Gérard FORGEOT
L’année 2007 a incontestablement été marquée par le passage du cyclone DEAN. Cet évènement climatique n’a pourtant pas bouleversé l’économie martiniquaise : de nombreuses évolutions économiques (emploi, chômage, prix…) restent dans la continuité de celles observées sur l’année 2006.Ce résultat remarquable, obtenu grâce à une forte mobilisation des pouvoirs publics et des acteurs socio-économiques, pourrait cependant être mis à mal par le net ralentissement économique qui s’annonce pour l’économie mondiale.
L’amélioration du marché de l’emploi martiniquais se poursuit en 2007 : le taux de chômage diminue à 21,3%. Le nombre de demandeurs d’emploi de catégorie 1 baisse de 7,3% par rapport à 2006. Cette évolution n’est pas uniquement portée par les départs à la retraite puisque dans le même temps l’emploi progresse. La part des 15-64 ans en situation d’emploi s’établit à 48,9%, contre 47,2% un an plus tôt. Enfin, le nombre d’allocataires du RMI diminue pour la première fois sensiblement (-2,5%). Ces évolutions favorables sont pour partie le fruit du dynamisme des créations d’entreprises : l’année 2007 enregistre 3 489 entreprises nouvelles, soit 13,6% de plus qu’en 2006. Si cette expansion concerne l’ensemble des secteurs, les services demeurent plus attractifs pour les nouveaux chefs d’entreprise
Les établissements bancaires ont également poursuivi leur effort de financement de l’économie martiniquaise, et ce dans un contexte de sélectivité accrue des projets du fait de la hausse du taux de créances douteuses. L’encours des crédits aux entreprises progresse de 6,4 % en 2007, après 22,2 % en 2006. La masse de crédits consacrés au financement de la consommation et de l’habitat des ménages progresse de 11,5 %.
Pourtant, la croissance de l’économie martiniquaise marque le pas en 2007 : le taux de croissance du PIB régional est de 0,9%, pour 2,8% en 2006. La faiblesse de la consommation des ménages explique en grande partie ce résultat. La rémunération des salariés n’a progressé que de 1,2 % en 2007, et le montant global des prestations sociales ou familiales de 1,1%. La consommation des ménages est en net ralentissement. Après l’investissement, la progression des dépenses des administrations (+2,9%) est le principal soutien de la croissance (1,1 point de PIB).

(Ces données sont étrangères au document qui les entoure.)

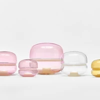 While adding colour to many materials might come at the sacrifice of translucency, glass can be coloured early on in the production process and blown or moulded into any desired shape and arrangement, resulting in retained translucency along with a built-in warmth provided by the colour itself. The pastel pink or amber hues of the Macaron lights from Brokis, for example, designed by Lucie Koldova, help the objects reach the sweetness of their namesake. Meanwhile, Tom Dixon’s Melt light uses the natural form of molten glass to fill the object – reminiscent of inner Earth or deep space – with mesmerising distortion.
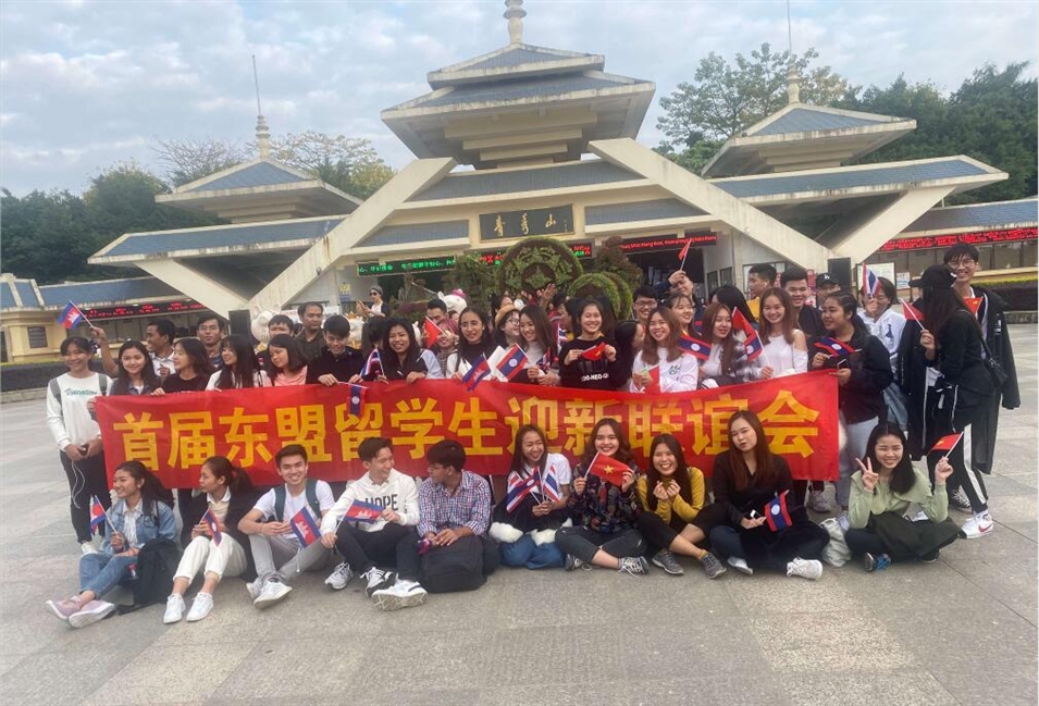 圖為東盟留學(xué)生于青秀山大門前合影
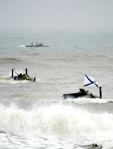 八月二十四日,盡管山東半島天氣惡劣“和平使命—2005”中俄聯(lián)合軍事演習(xí)兩棲登陸作戰(zhàn)實(shí)兵演練如期進(jìn)行。圖為參加兩棲登陸作戰(zhàn)演練的陸戰(zhàn)隊(duì)員乘裝甲運(yùn)兵車劈浪向岸邊靠近。作者:王麗南
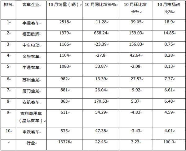 - 10月大中客车:宇通霸榜 中车杀入前三 欧辉“双领涨”
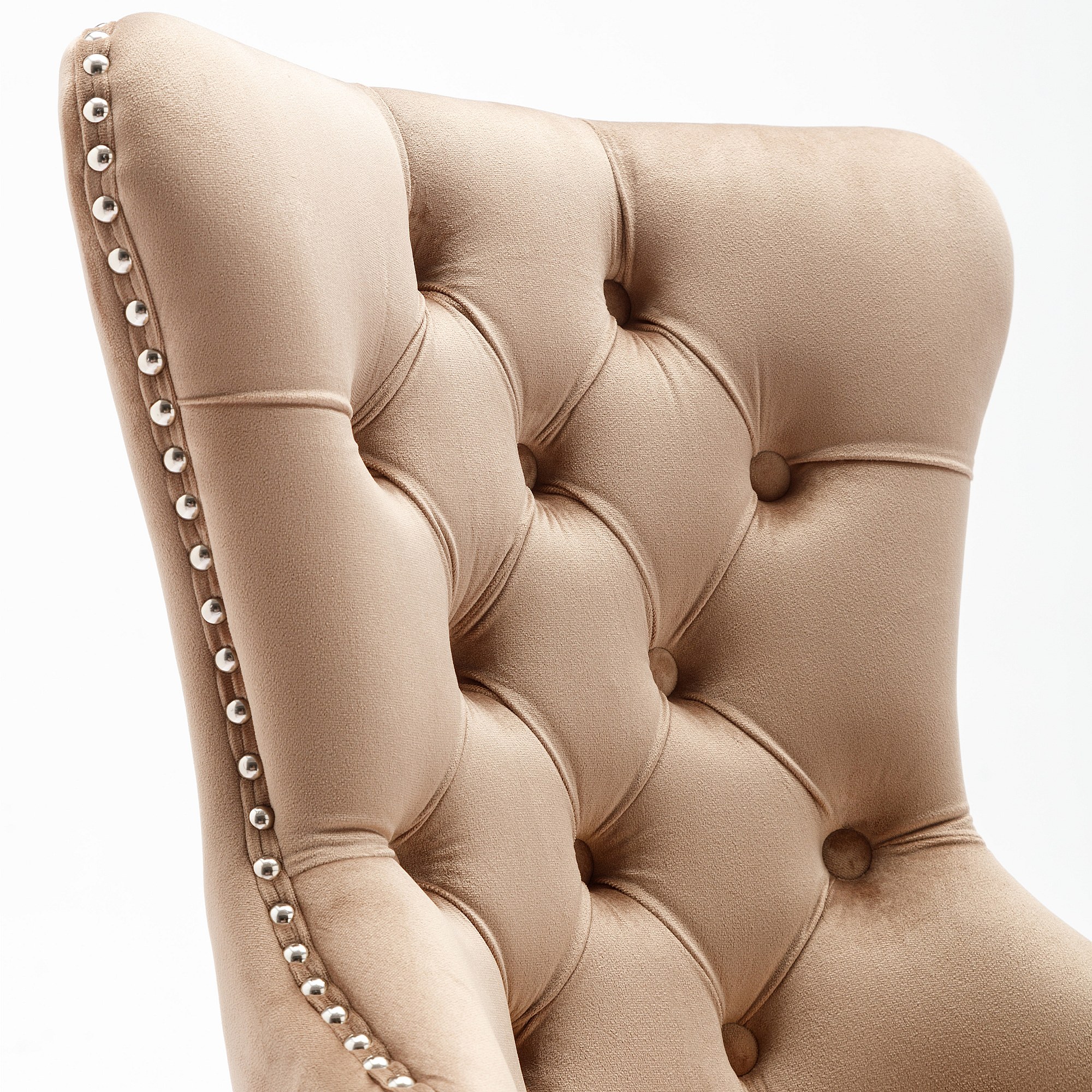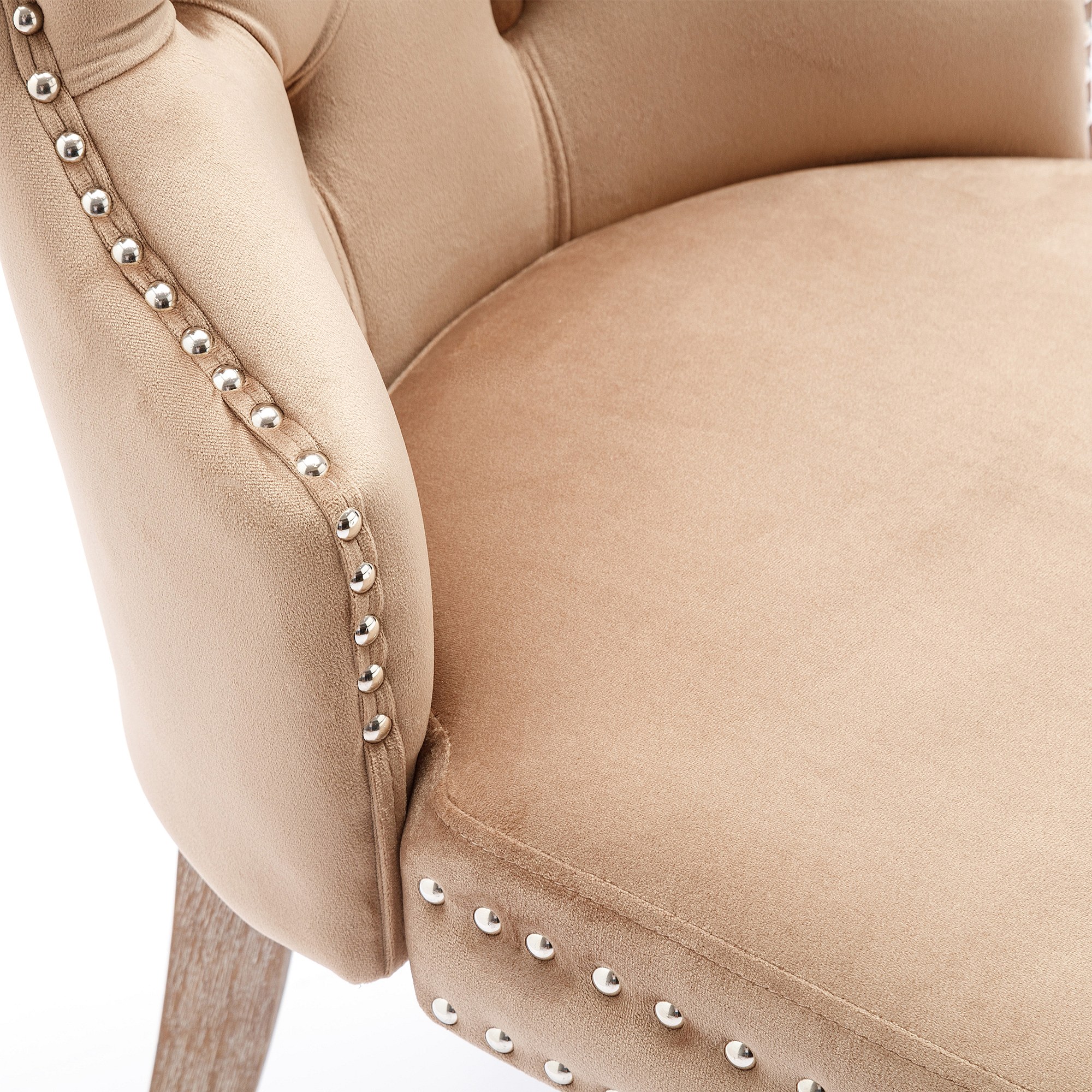 Lot de 2 chaises à manger en velours avec dossier - pieds en bois doré - beige
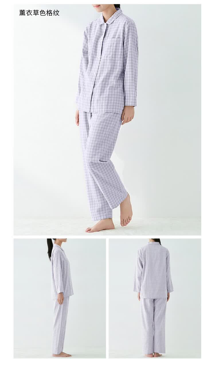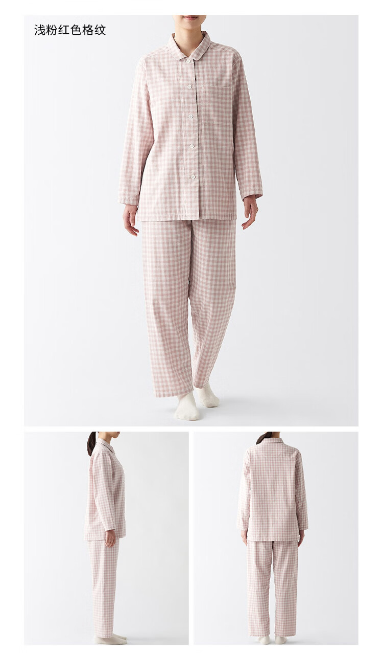 MUJI[自营限定款]女士无侧缝 双层纱织睡衣 纯棉家居服 浅粉色格纹 S
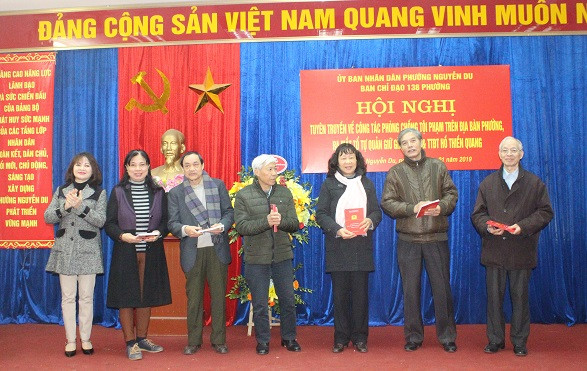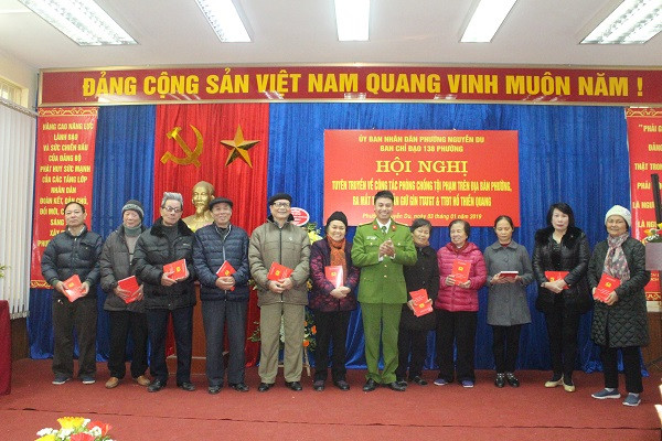 Trung tá Nguyễn Ngọc Tùng, Đội trưởng Đội Cảnh sát hình sự CAQ Hai Bà Trưng tặng sổ tay cho đại diện tổ dân phố
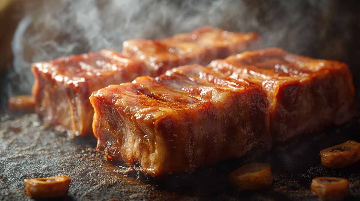 Создано на основе запроса: However, it is worth considering that smoked lard contains fewer useful substances and vitamins, since they are destroyed during the smoking process. Thus, smoked lard is considered a less valuable product and is recommended to be eaten only with a good digestive system and normal metabolism. Lots of details. Ultra realistic image. Lots of colors and colors in the image.
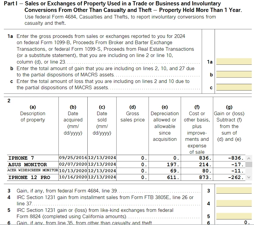 But Line 17 in California Schedule D-1, is 0. It looks like TT didn't calculate Line correctly.
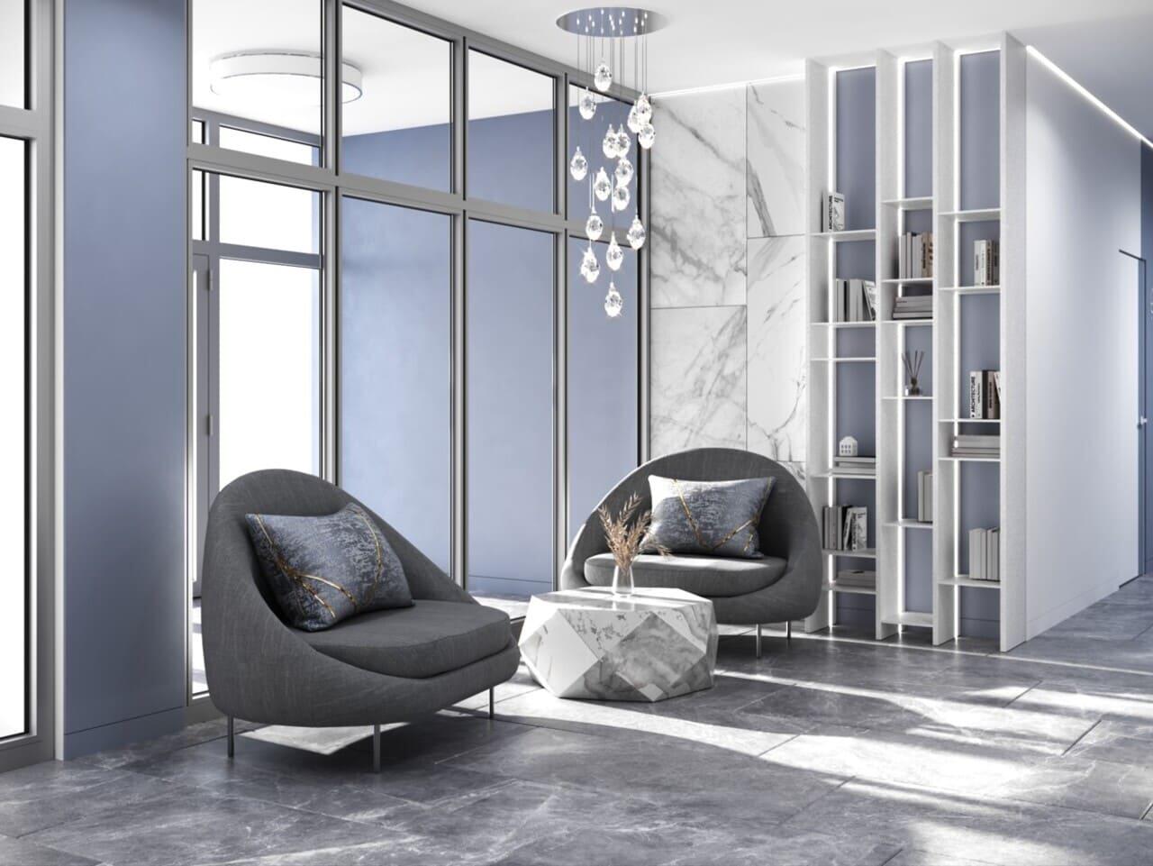 - Стильные зоны ожидания: удобные кресла, журнальные столики, полки для буккроссинга.
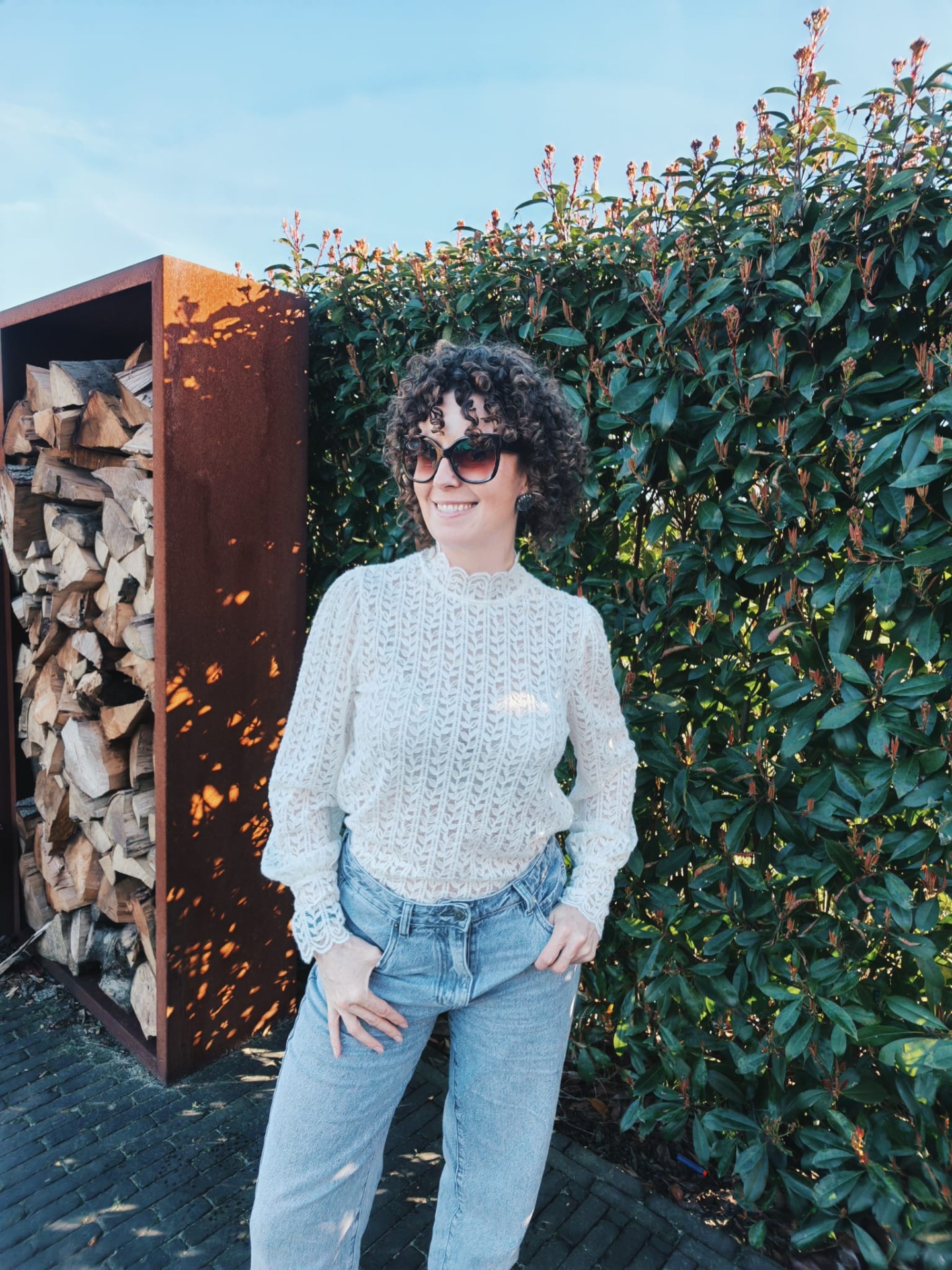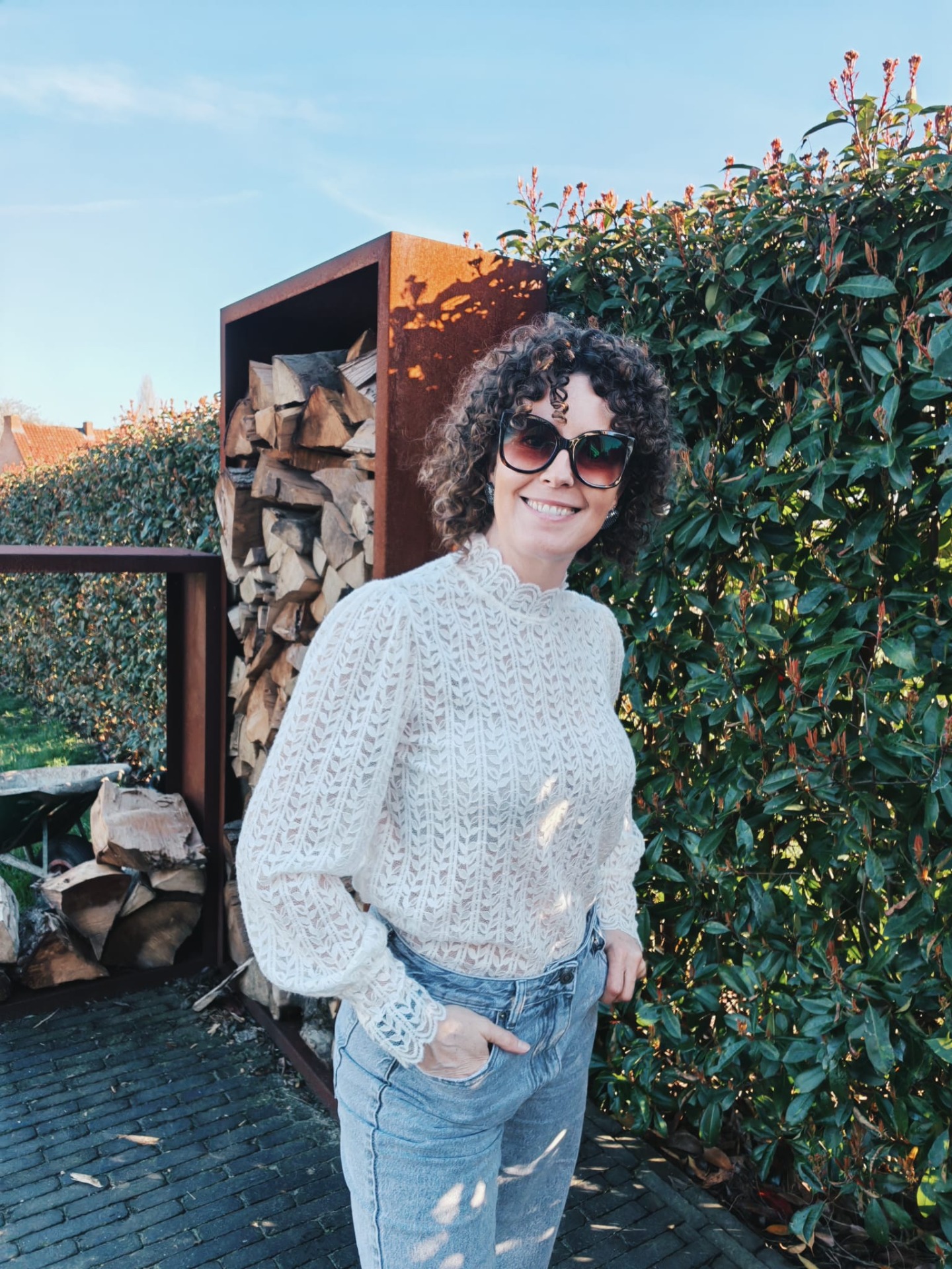 Prachtige blouse met opstaande kraagje en mooie mouwen.Draag deze zo of onder een trui en laat de mooie details zien.
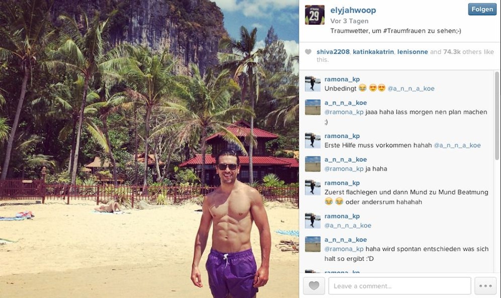 Schau! "Traumwetter, um Traumfrauen zu sehen", lacht hier Schauspieler Elyas M’Barek. Wau! Für Erwachsene gibt’s das schon. Nun haben auch Hunde ihren "Reichenteil" auf Instagram. Zum Wundern unter
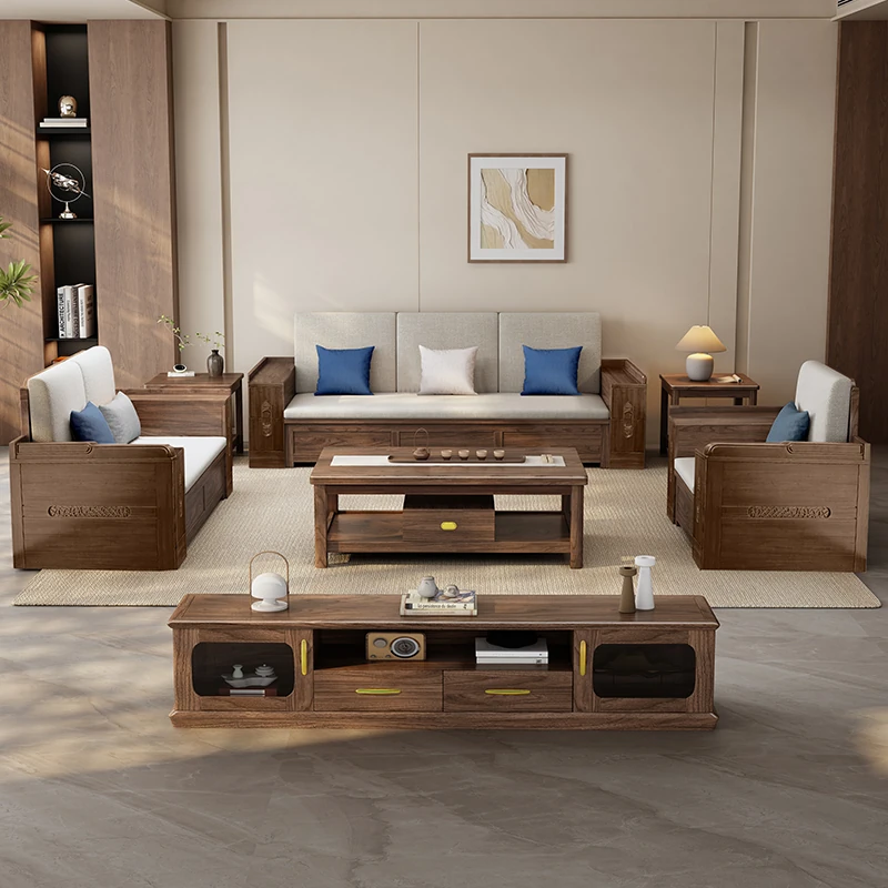 現代的なシンプルさと伝統的な美しさが融合した新中式の無垢材ソファとテーブルのセット。リビングルームにぴったりなブラックウォールナットの家具で、心地よいくつろぎの空間を演出します!
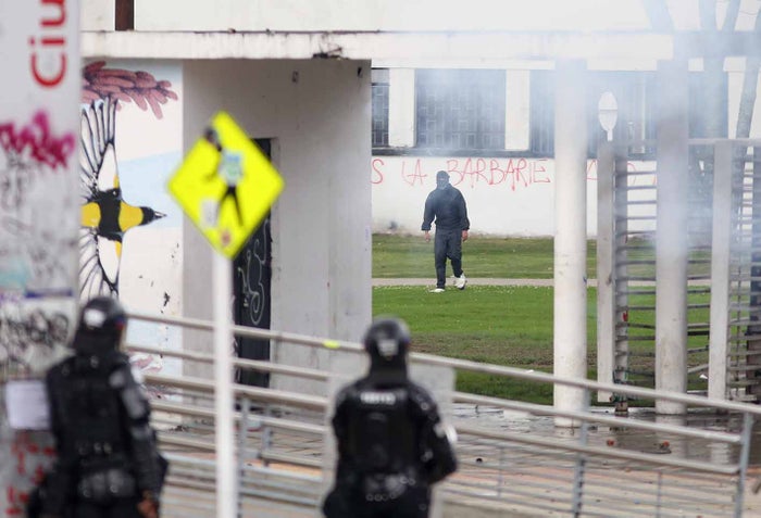 Encapuchados e integrantes del Escuadrón Móvil Antidisturbios (Esmad) de la Policía Metropolitana de Bogotá se enfrentaron en las inmediaciones de la Universidad Nacional, durante las más recientes protestas convocadas por estudiantes y centrales trabajadoras.

Dans le même temps, les prix à la consommation ont progressé de 2,4% sur l’année. Sous l’effet du cyclone DEAN, les hausses les plus importantes ont été enregistrées sur les deux derniers mois de l’année (+3,4 et +2,9%), et sur les produits frais (+5,7%). Toutefois, les prix d’autres biens et services ont crû sensiblement, amputant encore le pouvoir d’achat des ménages. Cette tendance est confirmée par la faible augmentation des immatriculations de véhicules neufs, et la progression plus soutenue du marché des automobiles d’occasion. L’agriculture a été le secteur le plus touché par le passage du cyclone DEAN. La mobilisation rapide au niveau national et européen de fonds d’urgence a permis de remettre rapidement en état l’outil de travail. Par ailleurs, les mécanismes d’attribution des subventions agricoles européennes sont, depuis 2007, moins dépendants de la production courante, permettant ainsi une régulation des aléas de la production. Dans le même temps, la prise en charge par les pouvoirs publics de l’indemnisation du chômage technique, et le financement exceptionnel d’emplois communaux pour remettre en état les infrastructures a permis de limiter les conséquences sociales du cyclone. Seule la demande d’emplois temporaires (chômage de catégorie 3) a progressé en 2007.
Les activités liées au tourisme ont aussi été impactées par le passage du cyclone. Le nombre de passagers débarqués à l’aéroport a cependant progressé de 3,6% en 2007. Les investissements consentis, joints au renforcement des dessertes internationales expliquent cette évolution favorable. Malgré ces arrivées, le flux touristique global est en baisse de 4,4% par rapport à 2006. Le nombre de croisiéristes a notamment chuté de plus de 25%. La fréquentation hôtelière chute également de plus de 8% par rapport à 2006. De gros efforts de réduction du nombre de chambres ont été consentis, notamment par la petite et moyenne hôtellerie, pour maintenir le taux d’occupation à plus de 59%.